1. SSH into the server with username as krypton4 and password as BRUTE
$ ssh firstname.lastname@example.org -p 2231
2. I looked a lot on google regarding the techniques to manually solve a vignere cipher but trust me the manual method is too tiring. The best approach is to use an online vignere cipher cracking tool and get it done with. So i used my favourite boxentriq but you can also try dcode, guballa or anything else that you prefer. By using these tools the key was reported to be frekey and this process was over in under a second. Pretty cool right.

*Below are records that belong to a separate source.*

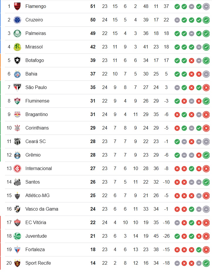 O Cruzeiro confirmou mais uma vez a sua força no Campeonato Brasileiro ao derrotar o Red Bull Bragantino por 2 a 1, de virada, no Mineirão, neste domingo. Com 50 pontos, o clube mineiro encosta no Flamengo e deixa para trás o Palmeiras, reforçando a condição de candidato direto à briga pelo título.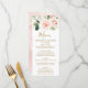 Den här menydesignen i elegant bröllop har vackra blommor med rosa med faux glitter konetti och guld dammaccenter. Genom att samordna kalligrafin i mörk guld får du en bra blommigt.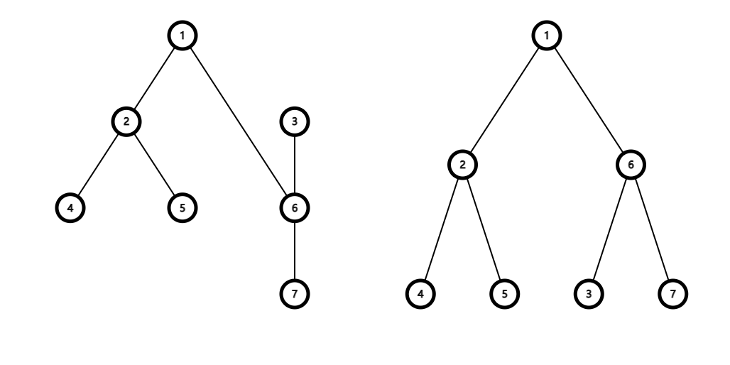 После поворота тяжелого сына вершины \(3\) (которым является \(6\)) вверх, дерево будет выглядеть следующим образом:

3. Using frekey as the key I decrypted the krypton5 file and the result was CLEAR TEXT.
4. So the password for the next level is CLEARTEXT
1. Don’t bother trying to crack in manually.
1. SSH into the server with username as krypton5 and password as CLEARTEXT
$ ssh email@example.com -p 2231
2. Same as the previous level I used boxentriq to crack the vignere cipher and the key was returned as keylength. Then I used it to decode the ciphertext obtained from krypton6 file.
3. The password for the next level is RANDOM
Don’t bother trying to crack in manually.
1. SSH into the server with username as krypton6 and password as RANDOM
$ ssh firstname.lastname@example.org -p 2231
2. The encrypt program converts the plaintext to ciphertext with the help of a key which is placed in keyfile.dat. It has the following syntax: ./encrypt plaintext ciphertext
3. The first thing I tried is added lots of A’s into a file and encrypted it. Then did the same with B’s and the same with C’s. The output were as follows:
4. What i noticed here is that the first character from A file is same as that of B file with an addition of 1. And same goes with C. Also the characters repeat after a certain length
A: E I C T D G Y I Y Z K T H N S I R F X Y C P F U E O C K R N
B: F J D U E H Z J Z A L U I O T J S G Y Z D Q G V F P D L S O
C: G K E V F I A K A B M V J P U K T H Z A E R H W G Q E M T P
5. See. Every character is +1 the other character in a column.
6. So i used this concept and determined the number of positions changed when the plaintext of A’s was converted to its ciphertext.
A A A A A A A A A A A A A A A A A A A A A A A A A A A A A A
E I C T D G Y I Y Z K T H N S I R F X Y C P F U E O C K R N
+4 +8 +2 +19 +3 +6 +24 +8 +24 +25 +10 +19 +7 +13 +18 +8 +17 +5 +23 +24 +2 +15 +5 +20 +4 +14 +2 +10 +17 +13
7. Then I used these numbers to obtain the plaintext for the ciphertext PNUKLYLWRQKGKBE
P N U K L Y L W R Q K G K B E
-4 -8 -2 -19 -3 -6 -24 -8 -24 -25 -10 -19 -7 -13 -18
L F S R I S N O T R A N D O M
8. Although I did this manually but I feet that an automated approach would have been cleaner using some sort of programming language. Try doing it with one.
9. The last level has been completed and the password obtained is LFSRISNOTRANDOM.